1

I have a table with the following contents in MySQL:

enter image description here

I am to query a DATETIME column called 'trade_time' with a where clause as follows:

SELECT * FROM tick_data.AAPL
WHERE trade_time between '2021-01-01 09:30:00' and '2021-01-01 16:00:00';

What I'm getting is a 2013 error: lost connection to MySQL server after about 30 seconds.

I'm pretty new to SQL so I'm pretty sure I might be doing something wrong here, surely such a simple query shouldn't take longer than 30 seconds?

The data has 298M rows, which is huge, I was under the impression that MySQL should handle this kind of operations.

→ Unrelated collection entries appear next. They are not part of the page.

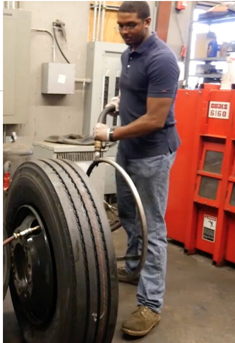
Corporate Classroom student interning in the district's Fleet Maintenance Department

Internship and paid sites within the school district: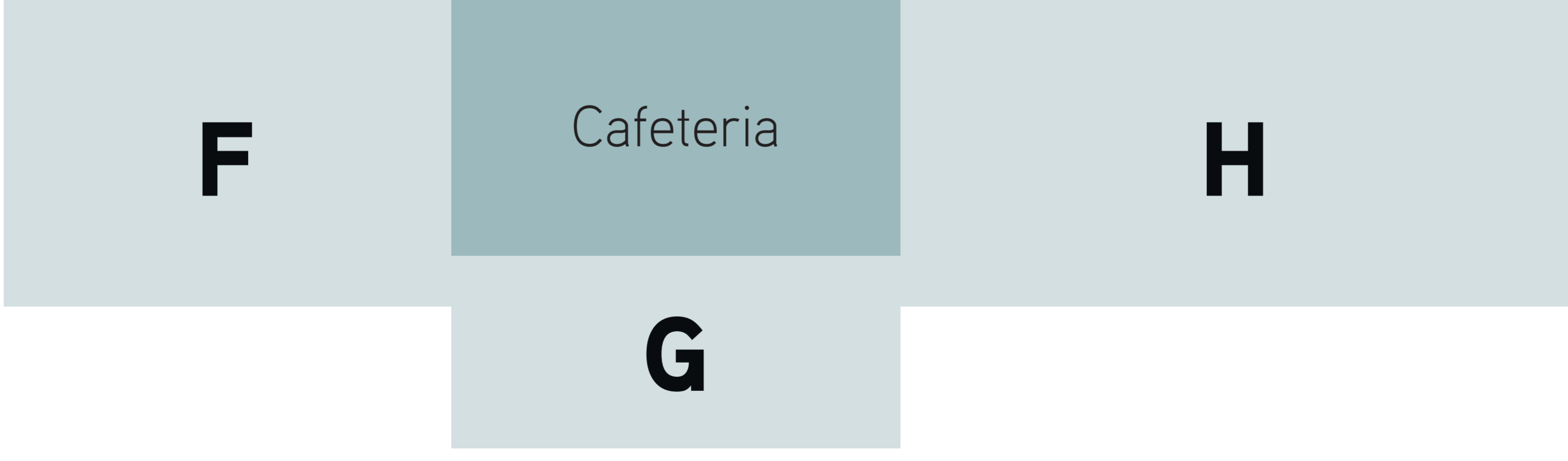
Second floor ● Available surfaces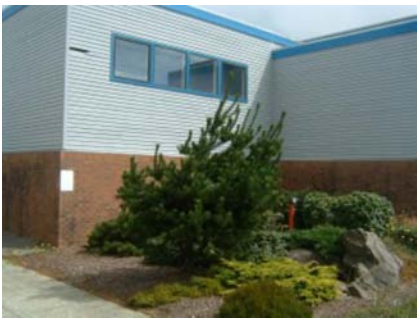
S Plan Irregularity Primary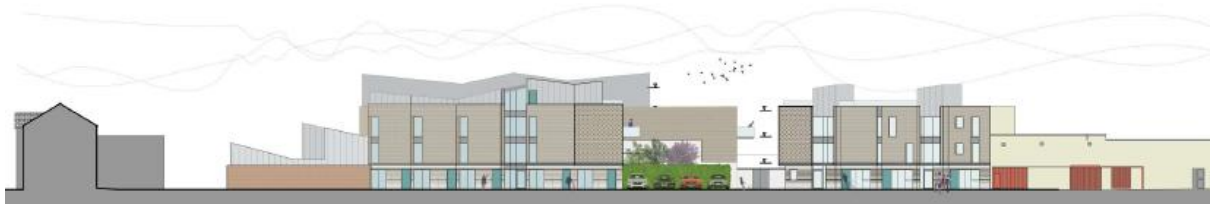
PROPOSED ELEVATION B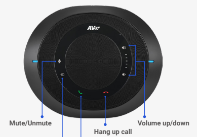
Mute/Unmute Make/Answer call Hang up call Volume up/down Phone input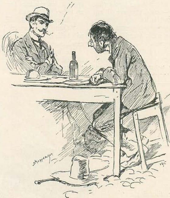
"AND THERE I GOT HIS STORY."

So the remarkable story of Mr. Ledbetter's Vacation ends. That breach with his aunt was not of long duration. The old lady had fully forgiven him before she died.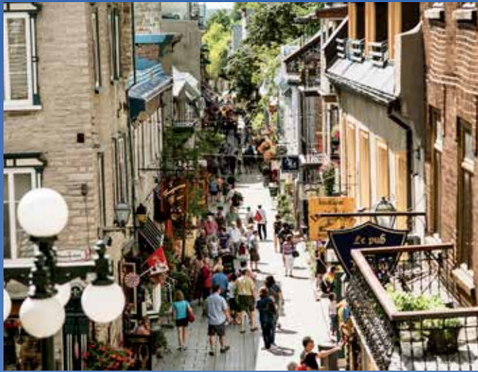
Quartier Petit Champlain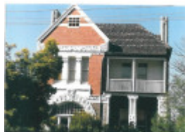
H0726 H0726 frontview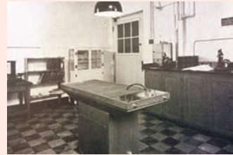
1940 – Angell's diagnostic laboratory for physical, chemical, and bacteriological tests. Back then, histopathological studies of biopsy material were made by pathologists connected with the neighboring Harvard Medical School; now, we have two full-time, board-certified pathologists on staff.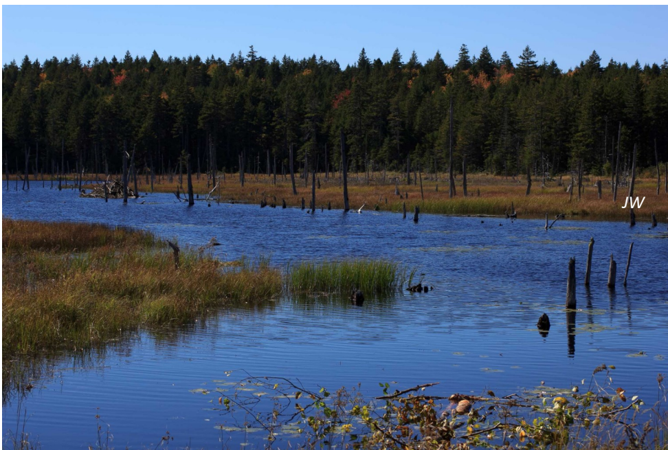
Take a Hike in Fundy National Park and find spots like this on Caribou Plains Trail.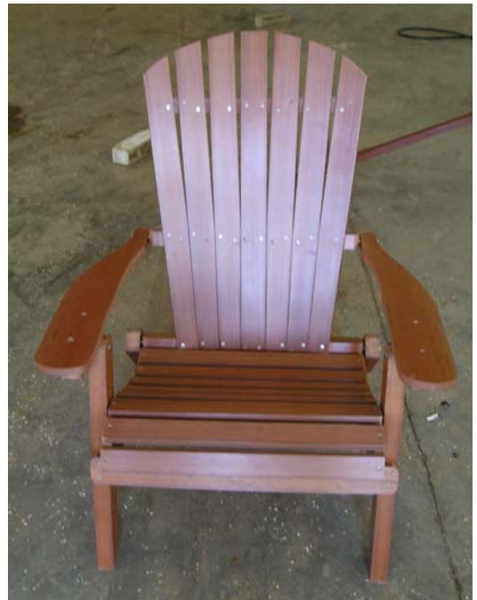
Item# 5328 Adirondack Chair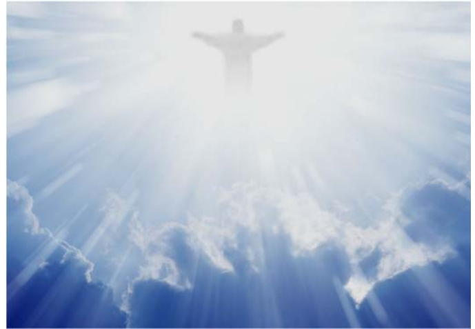
Ascension of the Lord May 13, 2018

It is customary at St. Mary-Holy Cross after the final song, the assembly kneels and silently prays the "Our Father, Hail Mary, and Glory Be" for the next person of our Parish who dies. Parishioners near death have expressed the comfort they experience knowing the Parish Community is praying for them. Please join us in this sacred prayer.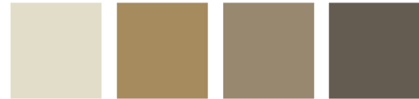
77 White Pearl W 67 Old Gold 176 Brass WB 66 Either Ore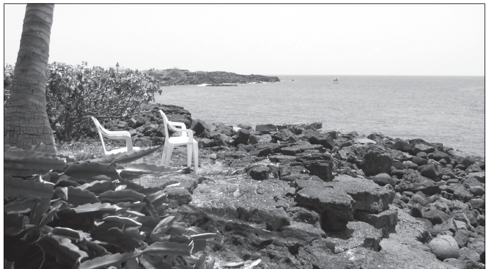
The coast near Kona's Honokohau small boat harbor. Legislation passed earlier this year has directed the DLNR to transfer development rights of three parcels there to the PLDC.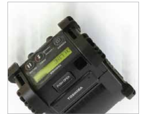
Robust and rugged, withstands a 1.8m drop on to concrete (1.5m for B-EP4)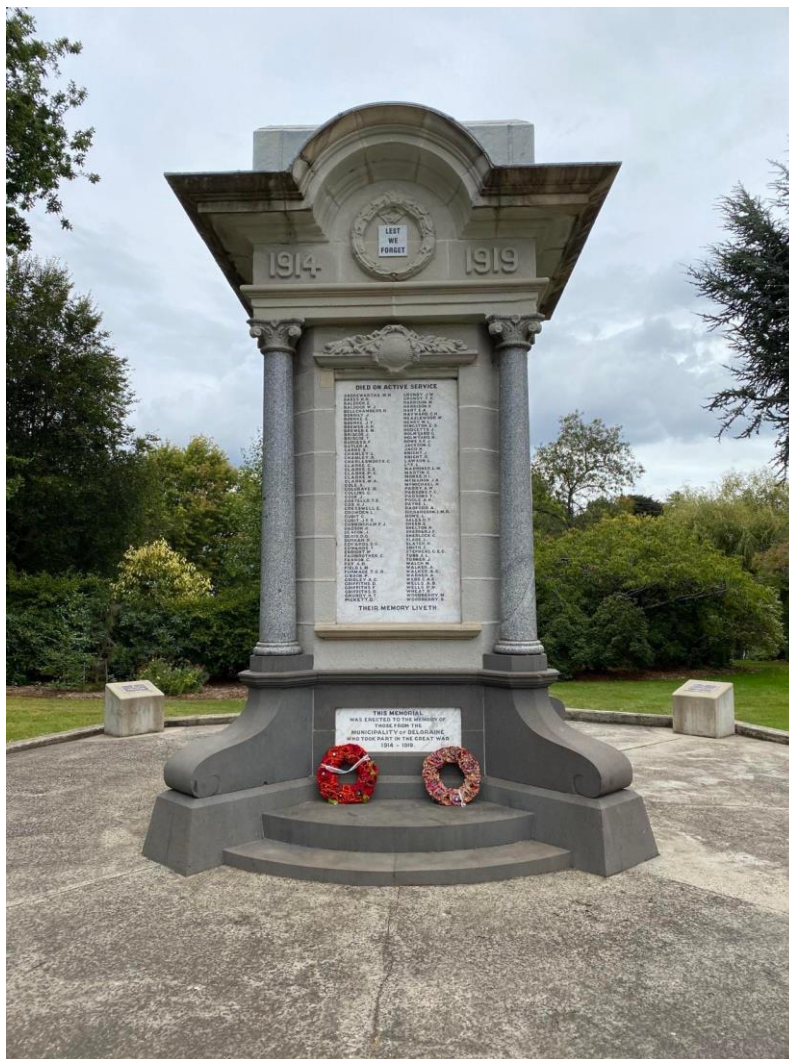
Deloraine War Memorial

The table has just 3 columns, which is trade_time, price and volume, I would just want to query data by dates and times in a reasonable time for further processing in Python.

Thanks for any advice.

EDIT: I've put up the timeout limit on MySQL Workbench to 5 minutes, the query described above took 291 seconds to run, just to get 1 day of data, is there some way I can speed up the performance?

orie
  • 541
  • 6
  • 20
  • The lost connection could be a client timeout (especially if you see it at almost exactly the same time every time). To improve the query performance for this specific query, make sure `trade_time` has an index. 298M rows is large, but MySQL (given the right hardware and indexing) can handle that query just fine. Also, if you expect a lot of rows to come back for that time, you may need to do some form of pagination with the query (limit/offset, ID ordering with limit, etc.) – Marc Baumbach May 13 '21 at 20:29
  • hi, thanks for the response. what kind of indexing could I do to improve the performance here? – orie May 13 '21 at 21:17

1 Answers1

1

298M rows is a lot to go through. I can definitely see that taking more than 30 seconds, but not much more. First, thing I would do is remove your default disconnection time limit. Personally I always make mine around 300 seconds or 5 min. If you're using mysql workbench that can be done via this method: MySQL Workbench: How to keep the connection alive

Also, I would try and check to see if the trade_time column has an index on it. Having your column that you query often indexed is a good strategy to make queries faster.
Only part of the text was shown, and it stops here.